Clemence published three novels, and she illustrated some of the fantasies written by her brother Laurence. Each of Housman's novels is a "Christian fantasy", dramatising religious themes. Her first novel, The Were-wolf (1896), was an allegorical erotic fantasy featuring a female werewolf. H. P. Lovecraft said of the Were-Wolf that it "attains a high degree of gruesome tension and achieves to some extent the atmosphere of authentic folklore." Basil Copper described The Were-wolf as "a minor classic in the genre". The Life of Sir Aglovale de Galis is an Arthurian fantasy.
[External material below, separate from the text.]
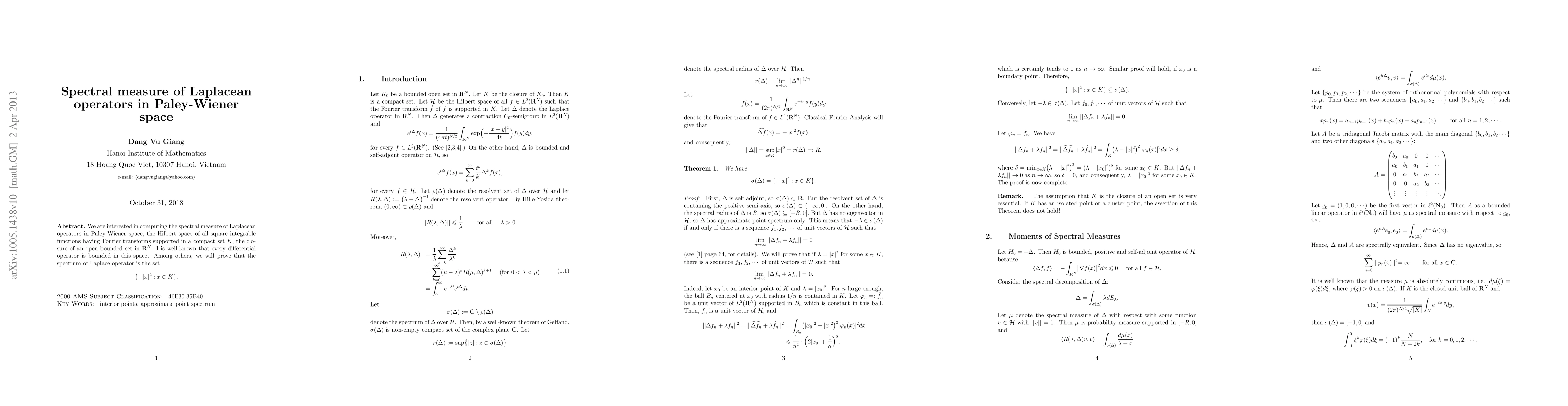 The paper investigates the spectral measure of Laplacean operators in Paley-Wiener space, finding that its spectrum is the set {-|x|^2: xγ K}, where K is a compact subset. This discovery has implications for differential equations and functional analysis.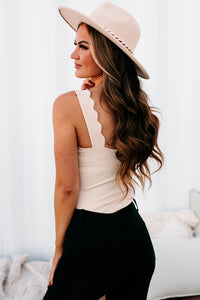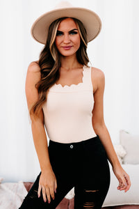 This Nude, Scallop Trimmed, Tank Top Bodysuit Is The Perfect Basic To Have For Cold Weather Layering!

Edith Pargeter praised The Life of Sir Aglovale de Galis, calling the novel "the finest work on an Arthurian theme since Mallory". Douglas A. Anderson has described The Life of Sir Aglovale de Galis as Housman's "supreme achievement". "The Drawn Arrow" (1923) is a short fable set in a desert kingdom.

=== Novels ===
- Clemence Housman (1896). "The Were-wolf" – illustrated by Laurence Housman.
- Clemence Housman (1898). "Unknown Sea"
- Clemence Housman (1905). "The Life of Sir Aglovale De Galis"

=== As illustrator ===

- Laurence Housman, The Blue Moon (1904) – illustrations by L.H., engraved by C.H.
- Laurence Housman (1922). "Moonshine & Clover"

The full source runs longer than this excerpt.